Picks and Pans Main: Tube
The latest round of problems started when CBS yanked an interview with an ex-cigarette company executive from a report on tobacco industry practices that led off 60 Minutes on Nov. 12. The exec had signed a confidentiality agreement with former employer Brown & Williamson, and CBS lawyers were worried that the interview would provoke a lawsuit by B&W.
It's always fun to blame the lawyers, but in this case they acted with reason. Last August, Philip Morris reached a multimillion-dollar, out-of-court settlement with ABC after Day One reported that tobacco companies "spiked" cigarettes with extra nicotine. Still, when the 60 Minutes tobacco piece ran minus the interview, correspondent Mike Wallace said on-air that he felt "dismayed" at the network's decision. His view was echoed by others, including 60 Minutes' Morley Safer, who joined Wallace on Charlie Rose's PBS talk show to lament that CBS had listened to its lawyers.
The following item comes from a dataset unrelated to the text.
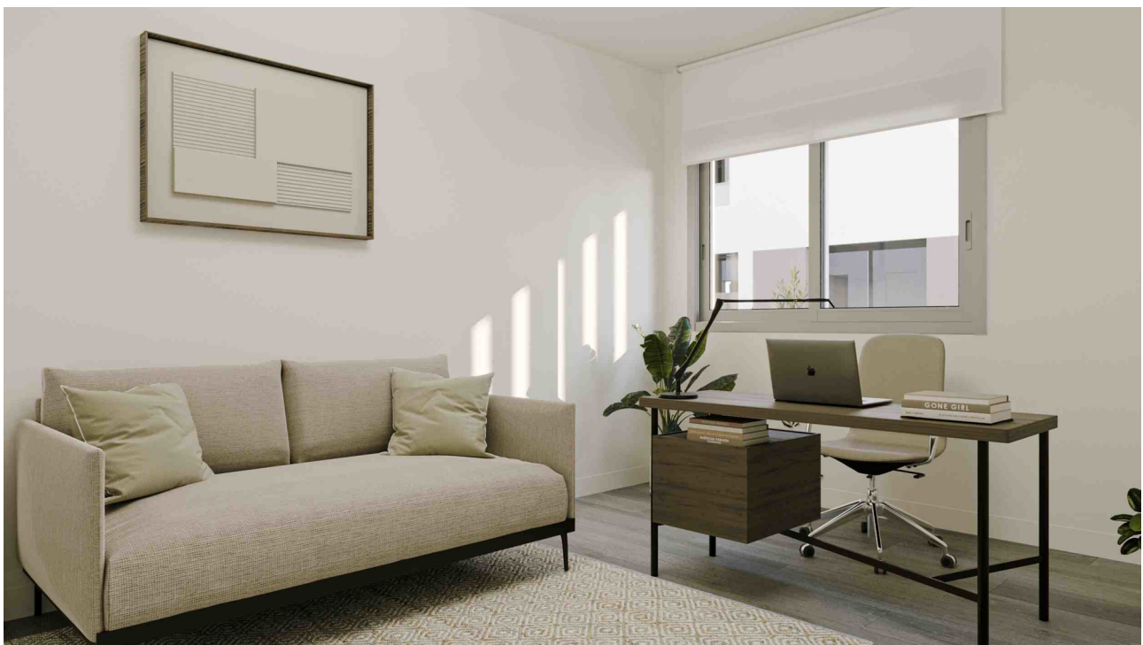
Dormitorio 2 (Rendering)

Subsequent reports, however, have shown that the network was bound by agreements that Wallace and other 60 Minutes staffers chose not to reveal—agreements that compromised the show's standards of journalism. Legitimate news outlets don't usually reach for their checkbooks, no matter how much they would like to increase circulation or ratings. But apparently the exec who added the sizzle to 60 Minutes'Nov. 12 piece, former B&W research vice president Jeffrey Wigand, had received a $12,000 fee from the show for consulting on a previous story. The show also promised Wigand that he could approve whether the interview would run and indemnified him against libel. When this information was leaked, Wallace and other 60 Minutes hard-liners made a swift dismount from their high horses. A furious Safer, meanwhile, sent a letter to Charlie Rose, accusing "the principals involved in the story" of allowing Safer to defend the interview without informing him of the concessions.
What a mess. It makes you wonder: Has 60 Minutes' hour passed?